The pyramidal volume data were displayed in 3 different cross-sections (Figure 1A). The anatomically correct 2- and 4-chamber views with the largest long-axis dimensions were selected as previously described by Mor-Avi et al.6 In these 2 planes, endocardial and epicardial contours were traced manually at end-diastole. The papillary muscles and trabeculations were included in the LV cavity to be consistent with the CMR measurements. The traced contours were then used to calculate LV volumes by use of the biplane Simpson formula incorporated in the analysis software.
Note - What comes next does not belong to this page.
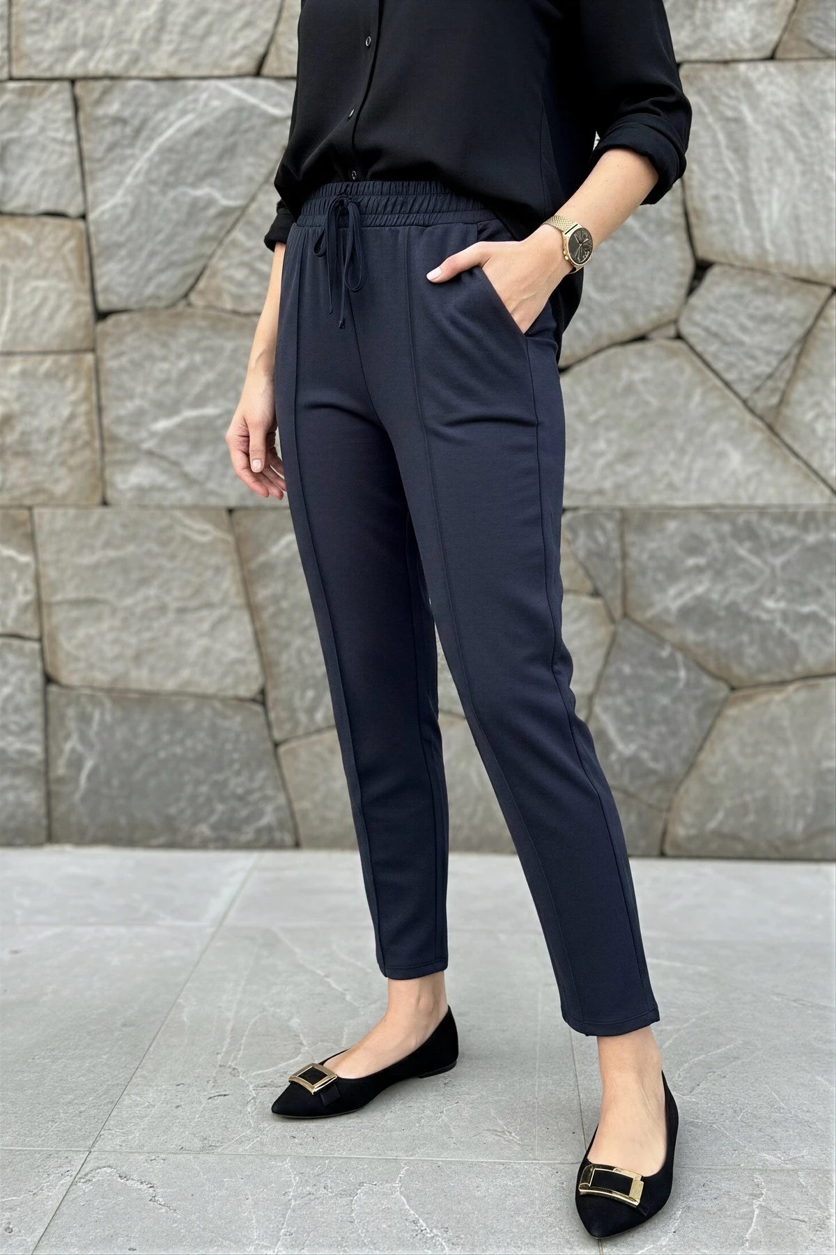 Lacivert Bel Lastikli Çimalı Modal Pantolon Siyah Bel Lastikli Çimalı Modal Pantolon Kahverengi Bel Lastikli Çimalı Modal Pantolon

In addition, the LV long-axis dimension in the 2- and 4-chamber view was measured as the distance between the level of the mitral annulus and the most distal point at the apical endocardium.

Figure 1

(A) Biplane analysis: an example of anatomically correct LV apical views from the RT3DE data set by 3DQ-Qlab. The red line in the short-axis view corresponds to the apical 2-chamber view and the green line in the short-axis view corresponds to the apical 4-chamber view. (B) Multiplane analysis: an example of endocardial and epicardial tracings in LV apical views by 4D Echo-View. Note the short-axis view (bottom left) showing the tracings corresponding to the long-axis views. A2C = apical 2-chamber; A4C = apical 4-chamber; SA = short-axis.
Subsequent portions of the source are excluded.